Thursday, July 26, 2012

a good quote

I came across an excellent quote today: 

“We’ve bought into the idea that education is about training and “success”, defined monetarily, rather than learning to think critically and to challenge. We should not forget that the true purpose of education is to make minds, not careers. A culture that does not grasp the vital interplay between morality and power, which mistakes management techniques for wisdom, which fails to understand that the measure of a civilization is its compassion, not its speed or ability to consume, condemns itself to death.” - Chris Hedges, Empire of Illustion: The End of Literacy and the Triumph of Spectacle.
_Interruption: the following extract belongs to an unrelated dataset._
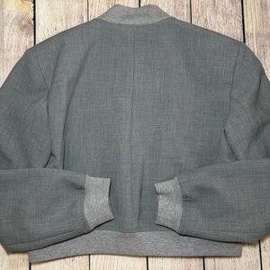Content: 61% polyester, 26% viscose, 7% cotton, 6% elastane; Body Lining: 100% cupro; Sleeve Lining: 100% polyester, Ribbed Trim: 61% viscose, 38% polyester, 1% rubber

In an ideal world (which by all measures this is not), education would be this pure process of learning and self-improvement that you take full responsibility for. The connection between one's education and one's career would actually be made deeper and stronger. When you feel ready, if you wish to get a job, you would seek it not on the basis of a piece of paper offered to you by an institution of learning, not on the basis of the grades that your teachers said you got in certain courses, but on the basis of skills, knowledge and abilities that you could prove to a suitable employer (over a probationary period) are sufficient for that job. Or you would choose to use your abilities and skills to do something entrepreneurial on your own that you would personally find rewarding. Importantly, your learning would help you identify and pursue as the best career for you one that offers you great freedom and flexibility to balance work, personal life,  relationships, and voluntary activities.





Saturday, July 07, 2012

Fleeing the Real World

I came across a thought-provoking speech given by Bill Watterson, the creator of Calvin and Hobbes, from 1990. He titled it "Some thoughts on the real world by one who glimpsed it and fled."
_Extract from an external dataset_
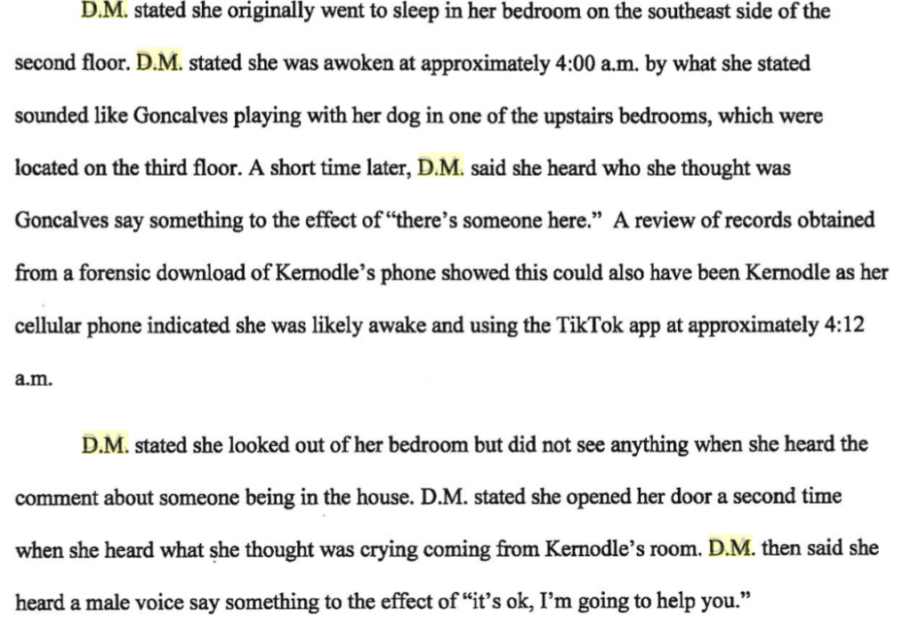 I stated this on another post, another viewpoint is it’s college life, how many unannounced guest came and went from that house? Another poster commented that if it was a Covid type mask (The description was a mask that covered his mouth and nose so sounds like a Covid mask not a ski mask) that in itself is not alarming or suggestive of criminal activity. Yes, she was startled by the presence of an unexpected person but again is that the first time that that has happened? Did her hearing, it’s OK I’m here to help, make her think the situation was being handled and her intervention was not necessary? She thought one of the roommates was playing with the dog, again that doesn’t suggest foul play. doorDash was delivered moments before the murders putting the meal delivery in the 3:45 AM range, normal middle of the night activity for this house so not unusual? I know it’s not common for delivery drivers to come in the house but again college life, college kids, did she just think it was a delivery person or a friend of one of the roommates who made the delivery, or the roommates brought someone home? I don’t think you can view her from the same lens/thought pattern as an adult who is always checking on children or others if hearing any type of noise etc. I don’t think her mind would necessarily go to the thought that possible harm was being done to her roommates. MOO

This key passage from it is full of gems:
"You will find your own ethical dilemmas in all parts of your lives, both personal and professional. We all have different desires and needs, but if we don't discover what we want from ourselves and what we stand for, we will live passively and unfulfilled. Sooner or later, we are all asked to compromise ourselves and the things we care about. We define ourselves by our actions. With each decision, we tell ourselves and the world who we are. Think about what you want out of this life, and recognize that there are many kinds of success.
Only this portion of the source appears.